Con questo impareggiabile attacco del pezzo, Giuliana Saladino iniziò sulle pagine de "l'Ora" - il 6 marzo del 1972 - un reportage all'interno della SICILFIAT di Termini Imerese. Lo stabilimento era in quel periodo nel pieno della sua attività, assemblando giornalmente e spedendo via mare duecentotrenta "500" destinate ai mercati del Sud d'Italia, alla Sardegna ed alla Liguria.
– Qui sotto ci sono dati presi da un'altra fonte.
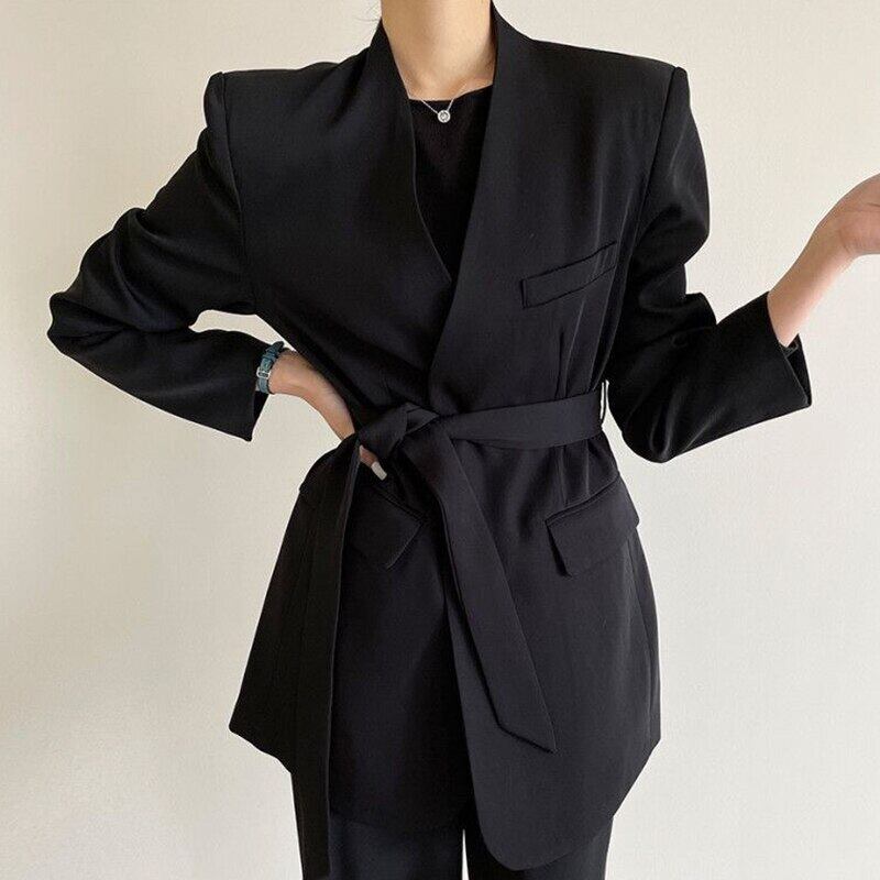 ノミクマVネックレースアップスリムウエストブレザーレディース長袖ポケットスーツジャケット2021オータムブレザーコート6Z206 ロング 秋物 kor85424902332
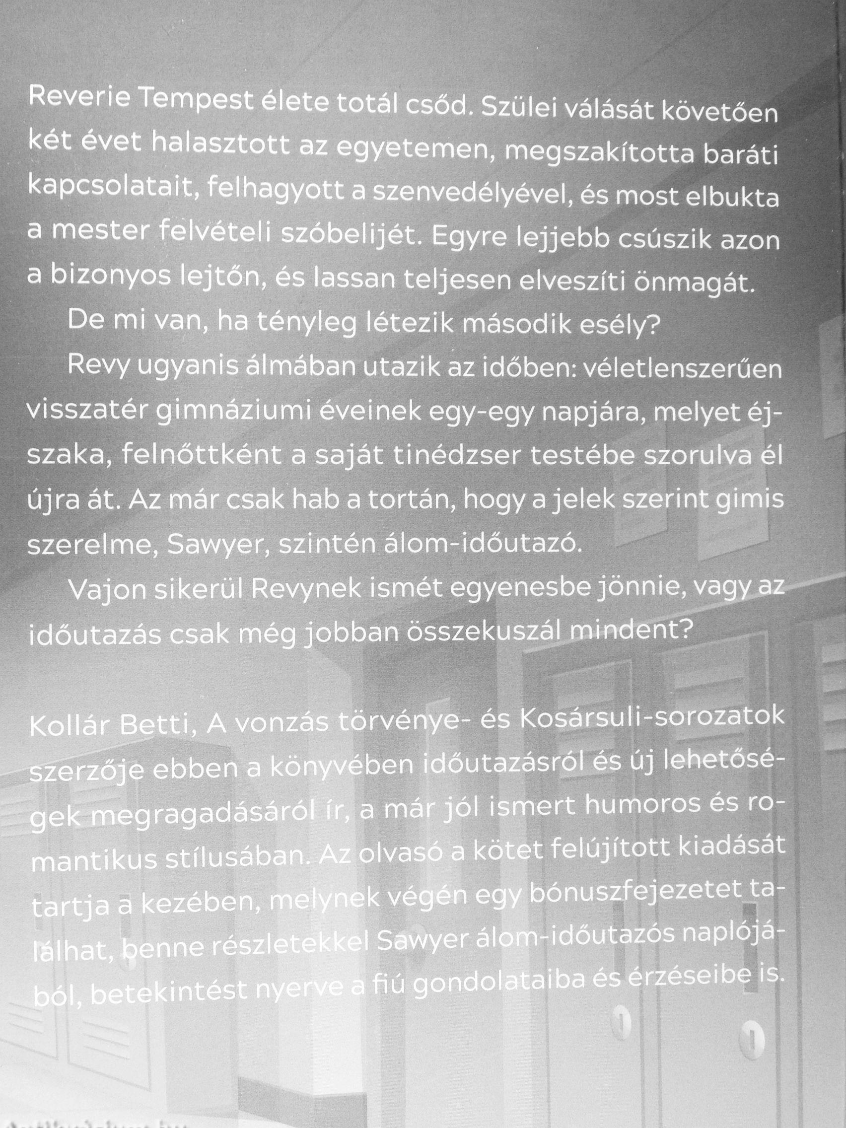 Kollár Betti, A vonzás törvénye- és Kosársuli-sorozatok szerzője ebben a könyvében időutazásról és új lehetőségek megragadásáról ír, a már jól ismert humoros és romantikus stílusában. Az olvasó a kötet felújított kiadását tartja a kezében, melynek végén egy bónuszfejezetet találhat, benne részlete el Sawyer álom-időutazós naplójá-hói K-Pkintést nyerve a fiú gondolataiba és érzéseibe is.

Nel marzo del 1970 era stata montata la prima vettura, dando corpo ad una produzione FIAT nel palermitano già prospettata - secondo quanto scritto da Matteo G.Tocco in "Libro nero di Sicilia" ( Sugar Editore, Milano, 1972 ), citando un articolo del "Giornale dell'Isola" di Catania del 6 novembre 1947 - addirittura nell'ottobre di quel lontano anno:
"La stampa siciliana annunciò con grande evidenza che l'assessore ai trasporti della Regione siciliana aveva ricevuto i dirigenti della Fiat, con i quali aveva avviato trattative per consentire l'impianto di un grande stabilimento industriale per la produzione di automobili. Per un momento, i palermitani sognarono la loro città trasformata in una Torino, centro di una grande industria automobilistica rivolta ai mercati mediterranei. I dirigenti della Fiat erano stati larghi di promesse, talché l'assessore Di Martino poté, con orgoglio, annunciare che "una importante ditta aveva acquistato una vasta estensione di terreno alla periferia di Palermo, per creare una grande officina"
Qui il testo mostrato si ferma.